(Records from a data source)
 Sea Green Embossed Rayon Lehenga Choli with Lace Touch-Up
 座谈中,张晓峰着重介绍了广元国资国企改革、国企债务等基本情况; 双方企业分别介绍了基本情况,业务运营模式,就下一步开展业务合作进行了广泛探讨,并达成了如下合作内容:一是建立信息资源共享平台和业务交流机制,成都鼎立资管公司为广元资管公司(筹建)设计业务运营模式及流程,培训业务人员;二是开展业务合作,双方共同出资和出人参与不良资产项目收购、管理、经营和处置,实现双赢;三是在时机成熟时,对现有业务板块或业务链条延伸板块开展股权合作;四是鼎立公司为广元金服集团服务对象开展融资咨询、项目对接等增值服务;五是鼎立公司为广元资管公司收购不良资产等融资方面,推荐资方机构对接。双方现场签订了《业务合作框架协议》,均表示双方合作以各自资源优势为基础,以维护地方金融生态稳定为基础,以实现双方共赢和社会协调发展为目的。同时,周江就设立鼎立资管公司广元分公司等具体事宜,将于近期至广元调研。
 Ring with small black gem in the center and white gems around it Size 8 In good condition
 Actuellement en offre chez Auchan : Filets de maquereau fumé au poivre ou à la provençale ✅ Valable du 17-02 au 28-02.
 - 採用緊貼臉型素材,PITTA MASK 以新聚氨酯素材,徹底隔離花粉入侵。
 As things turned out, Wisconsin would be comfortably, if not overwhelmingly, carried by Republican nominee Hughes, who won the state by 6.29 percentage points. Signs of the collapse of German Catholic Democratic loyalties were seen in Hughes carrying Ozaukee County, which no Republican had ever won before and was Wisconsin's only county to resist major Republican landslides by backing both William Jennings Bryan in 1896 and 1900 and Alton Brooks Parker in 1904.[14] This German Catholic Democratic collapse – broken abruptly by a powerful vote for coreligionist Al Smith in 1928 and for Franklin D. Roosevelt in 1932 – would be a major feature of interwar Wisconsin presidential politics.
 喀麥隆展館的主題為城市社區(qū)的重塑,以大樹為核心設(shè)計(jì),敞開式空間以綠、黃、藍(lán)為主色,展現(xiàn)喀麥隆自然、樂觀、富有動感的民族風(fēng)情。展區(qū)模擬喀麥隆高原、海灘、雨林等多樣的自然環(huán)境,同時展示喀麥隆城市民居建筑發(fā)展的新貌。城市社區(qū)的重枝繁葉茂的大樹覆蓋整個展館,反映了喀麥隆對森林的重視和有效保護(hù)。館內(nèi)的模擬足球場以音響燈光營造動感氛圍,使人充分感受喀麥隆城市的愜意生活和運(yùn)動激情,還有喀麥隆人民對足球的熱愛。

==

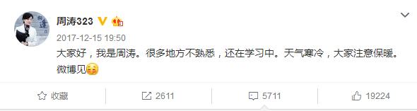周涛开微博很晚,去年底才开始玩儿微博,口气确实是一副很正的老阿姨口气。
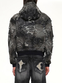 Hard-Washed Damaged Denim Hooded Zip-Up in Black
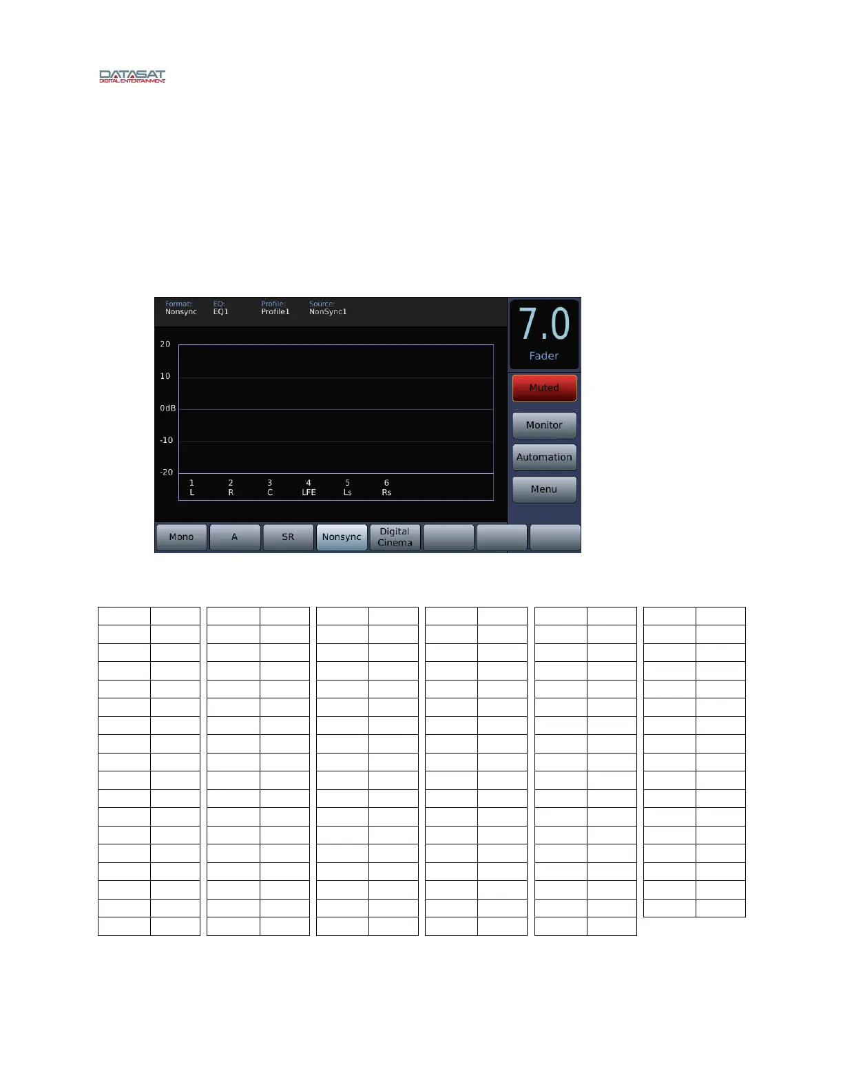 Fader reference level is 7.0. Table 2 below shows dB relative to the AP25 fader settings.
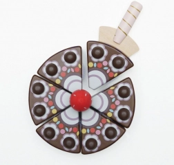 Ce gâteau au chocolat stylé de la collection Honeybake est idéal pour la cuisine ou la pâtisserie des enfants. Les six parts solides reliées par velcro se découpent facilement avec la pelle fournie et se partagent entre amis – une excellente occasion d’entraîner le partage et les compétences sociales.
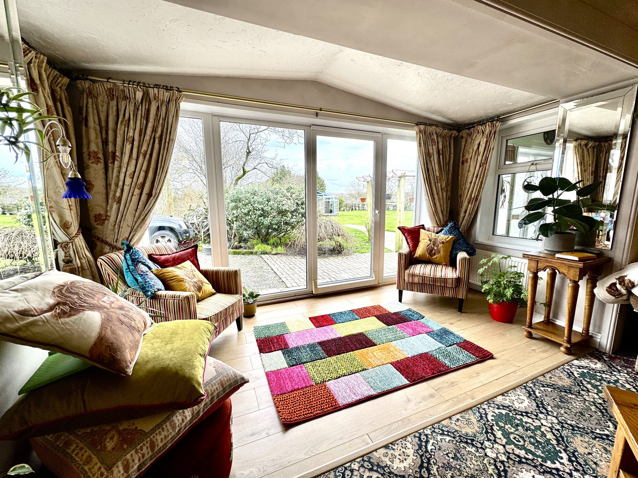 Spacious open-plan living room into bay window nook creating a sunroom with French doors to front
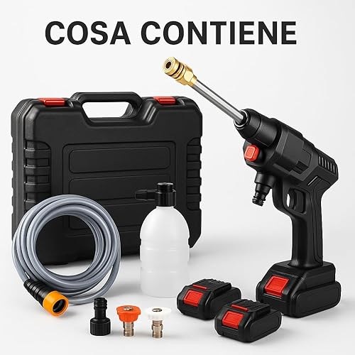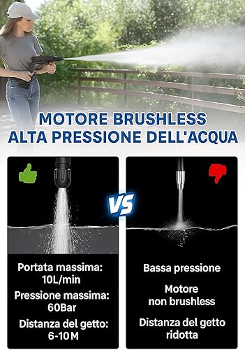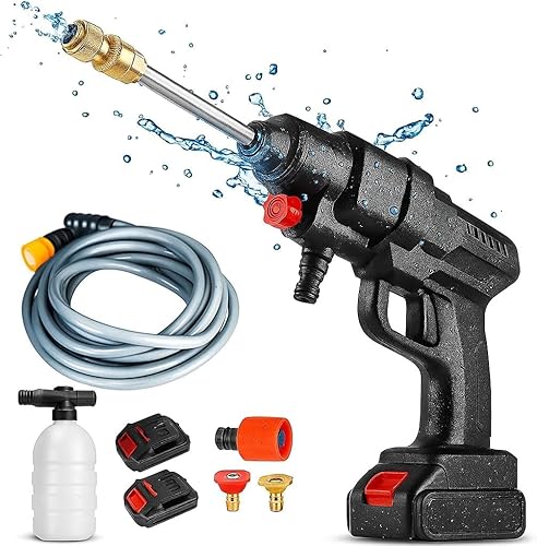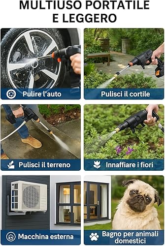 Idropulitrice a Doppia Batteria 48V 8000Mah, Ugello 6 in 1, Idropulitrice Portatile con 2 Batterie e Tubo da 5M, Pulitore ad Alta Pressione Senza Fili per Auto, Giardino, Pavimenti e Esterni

→ Problem: Would you please copy exactly the part of the entries above that begins at the line containing "Ring with small" and ends at the line containing "喀麥隆展館的主題為城市社區(qū)的重塑", both lines included?

→ Response:
 Ring with small black gem in the center and white gems around it Size 8 In good condition
 Actuellement en offre chez Auchan : Filets de maquereau fumé au poivre ou à la provençale ✅ Valable du 17-02 au 28-02.
 - 採用緊貼臉型素材,PITTA MASK 以新聚氨酯素材,徹底隔離花粉入侵。
 As things turned out, Wisconsin would be comfortably, if not overwhelmingly, carried by Republican nominee Hughes, who won the state by 6.29 percentage points. Signs of the collapse of German Catholic Democratic loyalties were seen in Hughes carrying Ozaukee County, which no Republican had ever won before and was Wisconsin's only county to resist major Republican landslides by backing both William Jennings Bryan in 1896 and 1900 and Alton Brooks Parker in 1904.[14] This German Catholic Democratic collapse – broken abruptly by a powerful vote for coreligionist Al Smith in 1928 and for Franklin D. Roosevelt in 1932 – would be a major feature of interwar Wisconsin presidential politics.
 喀麥隆展館的主題為城市社區(qū)的重塑,以大樹為核心設(shè)計(jì),敞開式空間以綠、黃、藍(lán)為主色,展現(xiàn)喀麥隆自然、樂觀、富有動感的民族風(fēng)情。展區(qū)模擬喀麥隆高原、海灘、雨林等多樣的自然環(huán)境,同時展示喀麥隆城市民居建筑發(fā)展的新貌。城市社區(qū)的重枝繁葉茂的大樹覆蓋整個展館,反映了喀麥隆對森林的重視和有效保護(hù)。館內(nèi)的模擬足球場以音響燈光營造動感氛圍,使人充分感受喀麥隆城市的愜意生活和運(yùn)動激情,還有喀麥隆人民對足球的熱愛。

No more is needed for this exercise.